The Software Development Life Cycle has evolved dramatically over recent years, with DevOps emerging as a critical element. It’s estimated to reach a market size of $25 billion by 2028, and a recent survey suggests that it commands 80% of engineering budgets, according to Grove Ventures.
Yet, despite its significance, the practice is still considerably complex. Balancing speed with quality, orchestrating multi-layered deployments, and maintaining rigorous security standards are just a few of the hurdles encountered. Amidst these complexities, Generative AI is making a profound impact.
Within this dynamic landscape, Kubiya, an Israeli startup, has swiftly capitalized on the potential of Generative AI for DevOps. Founded in 2022 by Amit Eyal Govrin and Shaked Askayo, backed by VCs in Israel and Silicon Valley and with millions in their coffers, Kubiya developed an Agent Based, Large Language Model (LLM) powered DevOps assistant, 'Kubi', offering a comprehensive suite of engineering tools, enabling tasks such as IaC provisioning, triggering CI/CD jobs, managing Kubernetes namespace, and Jira ticket handling with unprecedented ease.
In my ongoing series of interviews with pioneers in Generative AI, I recently sat down with Mr. Govrin. We discussed their groundbreaking work with 'Agents', his early bets on LLMs in the context of Conversational AI and their ambitions to push the envelope further into the realm of autonomous agents for operations.
How has Generative AI helped in the implementation of DevOps?
"Generative AI gave way to a more efficient exchange between users and their engineering tools. The traditional one-sided human to machine interaction, which lacked any form of feedback and required substantial user effort, has evolved into a reciprocal communication medium. It allows for more intuitive and interactive experiences, significantly enhancing the way humans interact with machines, and more importantly, significantly changes the discussion around the time it takes to automate end-to-end DevOps tasks."
"At Kubiya we built a full-stack LLM solution layered with a suite of purpose-built, agent-actors to address every aspect of the enterprise use-cases. A user may interact with our agents on a general purpose question around their knowledge base or docs. In this instance Kubiya fine-tunes the embedding and uses RAG to infer answers to the questions complete with a summary and links, all while maintaining complete control of the access and permission levels of the user. This will typically give them an appetite to challenge the system with more advanced use cases such as granting permission to create a new development stack using Terraform for instance or create an IAM policy and attaching it to an S3 bucket. Finally a user will feel the confidence to ask the system to create a complex chain of actions using multiple tools, data sources and policies."
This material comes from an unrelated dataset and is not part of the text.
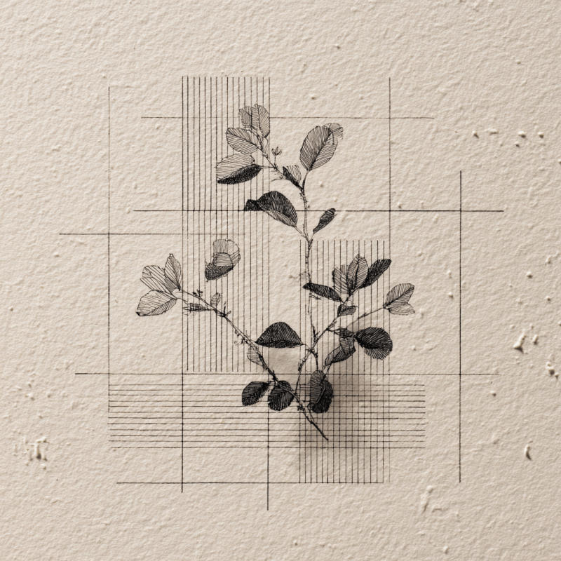 This striking ink drawing combines the geometric precision of Agnes Martin’s minimalism with surrealist botanical elements, creating a peaceful yet visually captivating piece for your kitchen space. Delicate plant forms emerge from a meticulously crafted grid structure, rendered in high-contrast ink that creates a stunning interplay between positive and negative space.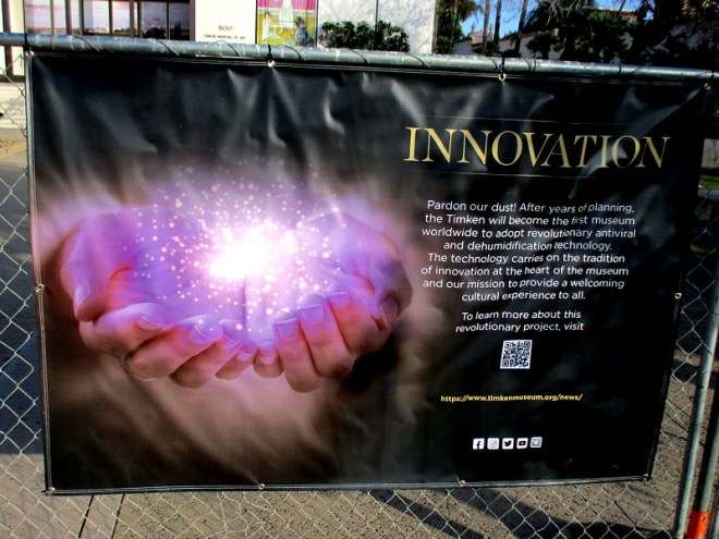 One banner states the Timken will be the first museum in the world to install revolutionary antiviral and dehumidification technology. According to a museum web page, here, this new technology “originally engineered in conjunction with the United States Department of Defense” is considerably more effective at eliminating airborne pathogens than systems presently used in hospital operating rooms!

"We have seen several of our customers create automated tasks that sweep their Jira 'to-do' queue on a scheduled basis, try to solve a myriad of complex use-cases including Kubernetes troubleshooting, elevated permissions, GitHub PR merge and Terraform code, and then notate each ticket once finished so that it’s solved and moved to 'completed'. Some have even gone as far as having the agent assign follow-on steps to admins and notify the requesters on a channel once complete."
"It’s hard to give this use-case a name as it covers so much ground, but it’s an end-to-be automation of DevOps tasks that otherwise would have required multiple tools, knowledge sources and tasks not to mention involve multiple humans in the loop. This is the genesis of AI agents - offloading work from humans to free them to focus on their best skills."